Complex traits

Fine mapping versus replication in whole-genome association studies. Clarke, G. M. et al. Am. J. Hum. Genet. 81, 995–1005 (2007)

The main weakness of association studies is the poor ability to confirm the association of a variant with disease in an independent study. The authors have developed a theoretical model to determine the best strategy for confirming an association: if markers show only weak linkage with disease, then the most successful route to replication involves performing a local search for both the candidate variants and nearby markers. Conversely, if the initial association was strong, then it is most fruitful to test the initially identified markers.

Quantitative genetics

Linking metabolic QTLs with network and cis -eQTLs controlling biosynthetic pathways. Wentzell, A. M. & Rowe, H. C. et al. PLoS Genet. 3, e162 (2007)

Linking the variation in gene expression on a genome-wide scale with phenotypic consequences remains a challenge. Using two well-defined metabolic pathways in Arabidopsis thaliana, these authors show that variation in expression of genes in these pathways can be linked to metabolite variation. This relationship is complex, and regulatory connections can feed back from metabolism to transcripts — candidate-gene analysis indicates that, for one of the pathways, it is the final enzyme that is the key regulator of transcript and metabolite levels.

Evolution

Gene duplication and the adaptive evolution of a classic genetic switch. Hittinger, C. T. & Carroll, S. B. Nature 11 October 2007 (doi:10.1038/nature06151)
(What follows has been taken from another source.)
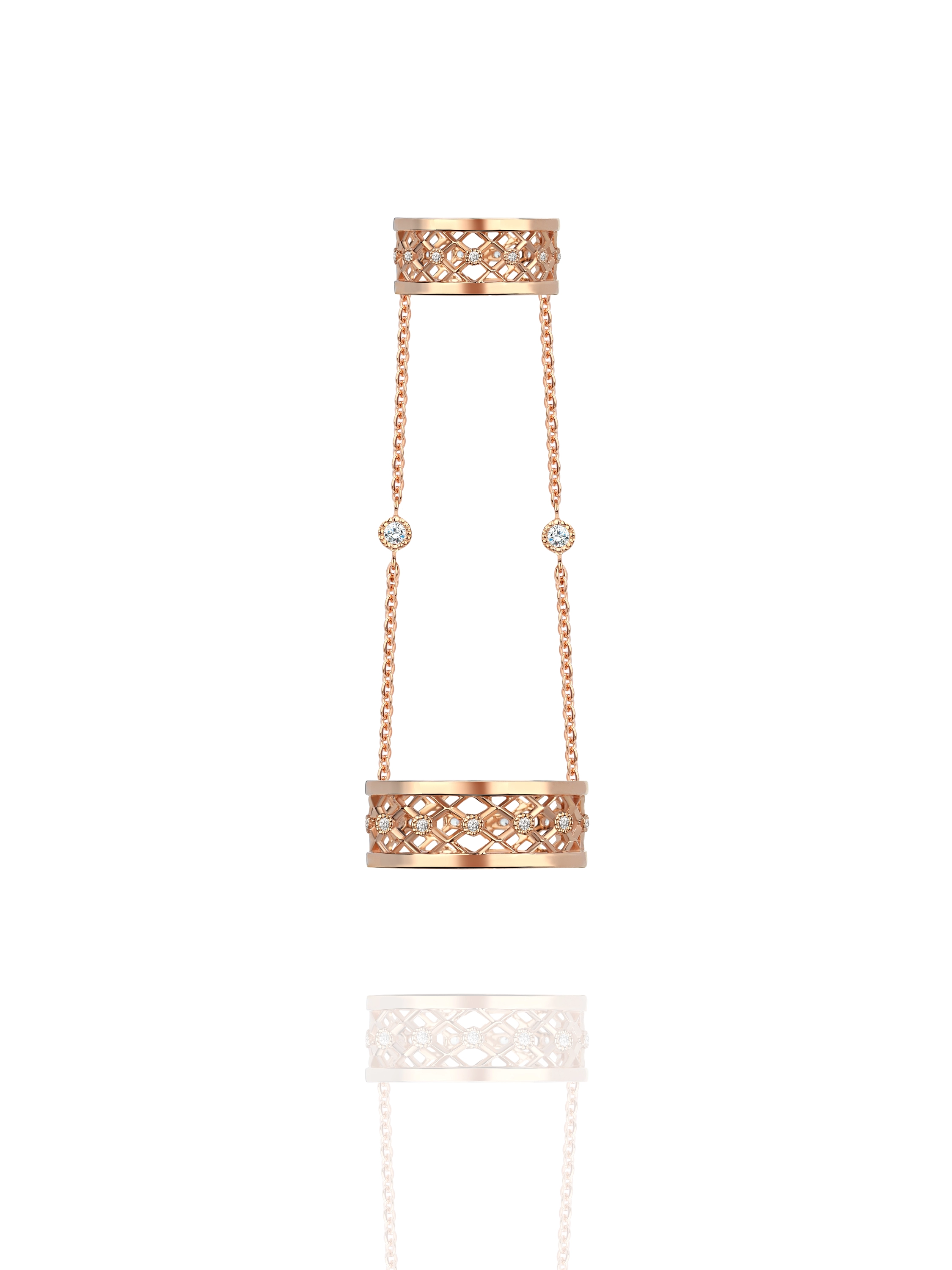 Double ring in rose gold with 30 round-cut topazes with a total weight of 0.19 ct.

The genetic switch that controls the yeast galactose-metabolism pathway involves two paralogues — GAL3 and GAL1 — that originated from a single, bifunctional ancestral gene. By precisely replacing sequences in the coding and regulatory regions of these genes, the authors provide evidence that duplication allowed the evolution of new regulatory sequences that were disfavoured when in the same gene, enabling the two duplicates to take on new functions. This work provides a rare example of experimental evidence for how gene duplications allow new gene functions to evolve.

Genomics

Islands of euchromatin-like sequence and expressed polymorphic sequences within the short arm of human chromosome 21. Lyle, R. et al. Genome Res. 25 September 2007 (doi:10.1101/gr.6675307)
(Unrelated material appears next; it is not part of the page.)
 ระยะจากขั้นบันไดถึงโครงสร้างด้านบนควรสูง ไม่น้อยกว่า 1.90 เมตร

The Human Genome Project focused on euchromatin, leaving unsequenced the 6.5% of the genome that is heterochromatic. The authors constructed BAC clones of a region of the heterochromatic short arm of the acrocentric chromosome 21. Sequencing this region uncovered several potential genes, and a surprising amount of copy-number and sequence variation. Expression profiling showed that 10 of the 26 potential genes in this region are expressed in various tissues, although it is not known whether they are genes or pseudogenes.